#Streaming and Accumulators
When a document is too large to fit in memory — tens of gigabytes of log data, massive data exports, or continuous feeds — XSLT 3.0's streaming features let you process it in a single pass without building the entire tree. If you have worked with IAsyncEnumerable, Utf8JsonReader, or System.IO.Pipelines in C#, the motivation is the same: process data as it flows through, never holding more than a small window in memory.
#Contents
#Primary Source Streaming
The simplest way to enable streaming is to declare a streamable mode for the primary input document. When the default mode (or a named mode) is streamable, the XSLT processor reads the principal source document through an XmlReader rather than building a full in-memory tree:
<xsl:stylesheet xmlns:xsl="http://www.w3.org/1999/XSL/Transform" version="3.0">
<!-- Stream the primary source document -->
<xsl:mode streamable="yes"/>
<xsl:template match="/">
<summary>
<xsl:apply-templates select="catalog/product"/>
</summary>
</xsl:template>
<xsl:template match="product">
<item name="{@name}" price="{@price}"/>
</xsl:template>
</xsl:stylesheet>With xsl:mode streamable="yes" on the unnamed (default) mode, the initial apply-templates call reads the input document as a stream. No tree is built for the primary source.

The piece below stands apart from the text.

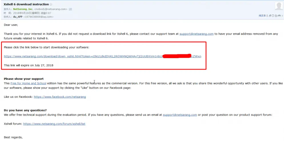 登录邮箱,会发现一个主题为《Xshell 6 download instruction》的邮件,大意就是告诉你欢迎使用xshell,点击下面的链接进行下载。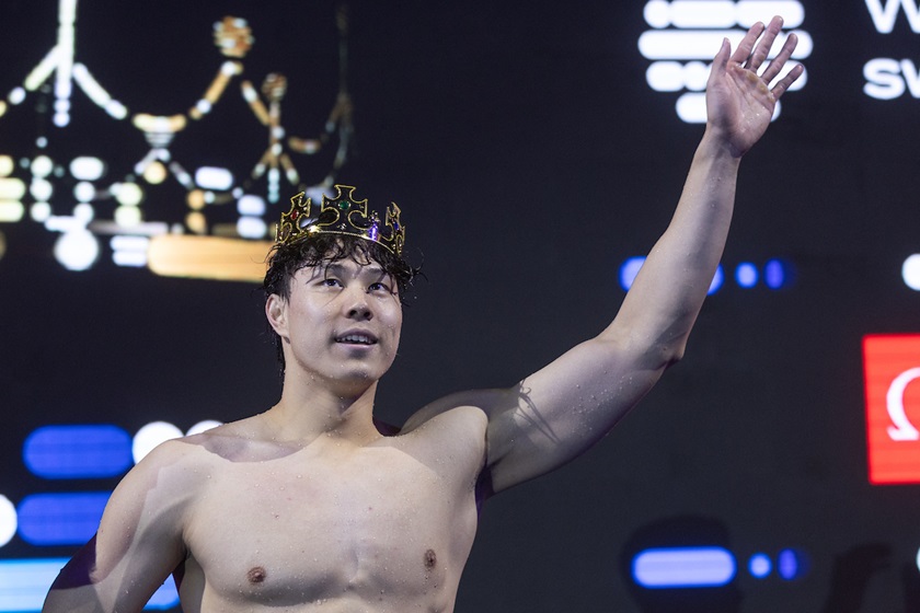 2023年,24岁的覃海洋在福冈世锦赛上,夺得男子蛙泳50米、100米、200米3枚金牌,并打破男子200米蛙泳世界纪录,成为历史上第一位在同届世锦赛上包揽蛙泳3个项目金牌的运动员。

#Detecting Streaming Support
You can check at compile time whether the processor supports streaming:
<xsl:if test="system-property('xsl:supports-streaming') = 'yes'">
<!-- streaming-specific logic -->
</xsl:if>
system-property('xsl:supports-streaming') returns "yes" in PhoenixmlDb.
#The Streaming Concept
In conventional (non-streaming) XSLT processing, the entire input document is parsed into an in-memory tree before any templates execute. This is fine for documents up to a few hundred megabytes, but fails for larger documents.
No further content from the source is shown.